NPR's weird science
My blood pressure ticked upward this morning as I lay in bed listening to NPR. They had a segment on the Dover, PA, Intelligent Design case. Problem is, they had Barbara Bradley-Hagerty, their religion correspondent, cover it, and in Maslov's science classroom, she gets low marks.
First, she repeated without qualification the creationists' mantra that "Evolution is a theory, not fact." This perpetuates the popular misunderstanding of what constitutes a scientific theory. Used colloquially, theory can mean "speculation" or "conjecture." But a theory, as scientists use the word, is a well-tested model that explains observed phenomena. All scientific facts are provisional, awaiting counterexample; a theory is the closest thing science has to a fact. New theories that have not faced much challenge are often thought of as weak, but theories such as Darwinian Evolution that have withstood close scrutiny over a long period of time are considered strong.

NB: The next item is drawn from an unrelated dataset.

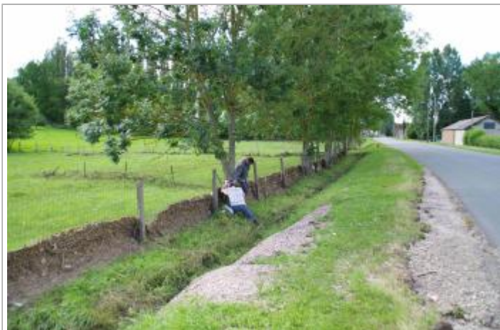
Arbre en bordure de route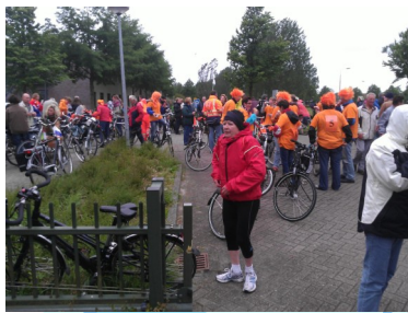
Bij de stempel post in Schagen

Ons groepje vertrok vol goede moed om 10 uur. We fietsten naar de eerste stempel post in Kolhorn. Daar gingen we blindelings achter een

The other thing that annoyed me about the NPR piece is that a pollster was cited as having found that a majority of Americans support the teaching of both Intelligent Design and Darwinian Evolution in the classroom; therefore, Bradley-Hagerty suggested, teaching both "theories" constitutes good education. Wrong! Science is not a popularity contest. Intelligent Design asks questions that are not scientific in nature. It is not science, and it is not an appropriate subject for a science class, particularly if taught as a competing theory. The poll only demonstrates its respondents' ignorance on scientific matters.